Brody, O'Connor & O'Connor, New York (Scott A. Brody of counsel), for appellant.
Pollack, Pollack, Isaac & DeCicco, LLP, New York (Brian J. Isaac of counsel), for respondent.
Friedman, J.P., Gische, Kapnick, Webber, Gesmer, JJ.
Plaintiff's post-note of issue summary judgment motion was not premature. If Fowler needed to conduct additional nonparty depositions in order to successfully oppose the motion, then it should have either deposed those witnesses during the nearly two years that discovery was open in this case or moved to vacate the note of issue on that basis. Fowler "cannot cite [its] own inaction as justification to deny" plaintiff's summary judgment motion ( Judd v. Vilardo, 57 A.D.3d 1127, 1131, 870 N.Y.S.2d 485 [3d Dept. 2008] ; see also Auerbach v. Bennett, 47 N.Y.2d 619, 636, 419 N.Y.S.2d 920, 393 N.E.2d 994 [1979] ).

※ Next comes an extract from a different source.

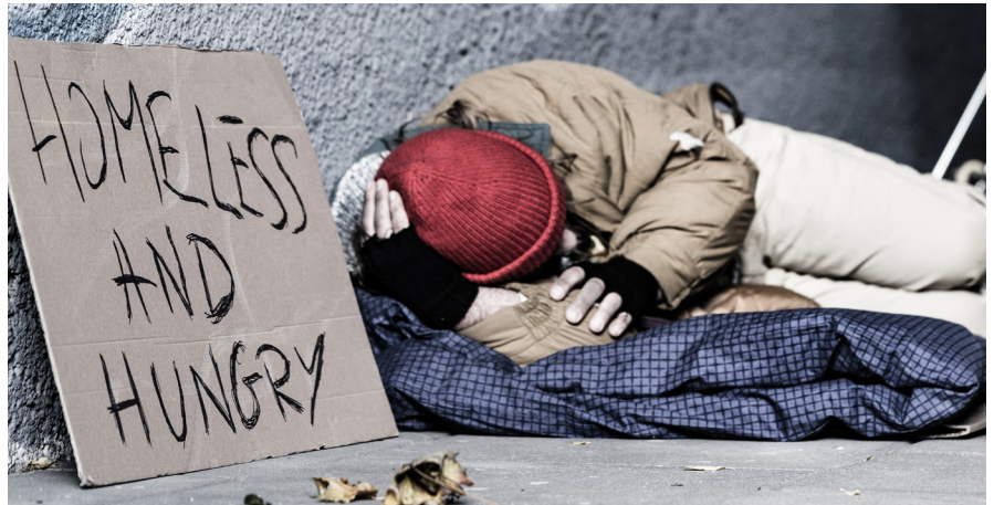
Empowered by a U.S. Supreme Court ruling, the Garden Grove City Council will consider an anti-camping ordinance aimed at problems associated with homelessness.

This new ordinance comes in consequence of the U.S. Supreme Court ruling in Grants Pass v. Johnson in

Plaintiff's motion was properly granted, as he established prima facie that Fowler failed to provide equipment such as harnesses and tie-off points for safety lines, which plaintiff had specifically requested on and prior to the day of his accident, in order to give proper protection to individuals involved in pointing its building (see Ramos v. Port Auth. of N.Y. & N.J., 306 A.D.2d 147, 761 N.Y.S.2d 57 [1st Dept. 2003] ). In opposition, Fowler failed to raise a triable issue of fact. Its argument that plaintiff was the sole proximate cause of the accident fails because "if a statutory violation is a proximate cause of an injury, the plaintiff cannot be solely to blame for it" ( Blake v. Neighborhood Hous. Servs. of N.Y. City, 1 N.Y.3d 280, 290, 771 N.Y.S.2d 484, 803 N.E.2d 757 [2003] ).
We have considered Fowler's remaining contentions and find them unavailing.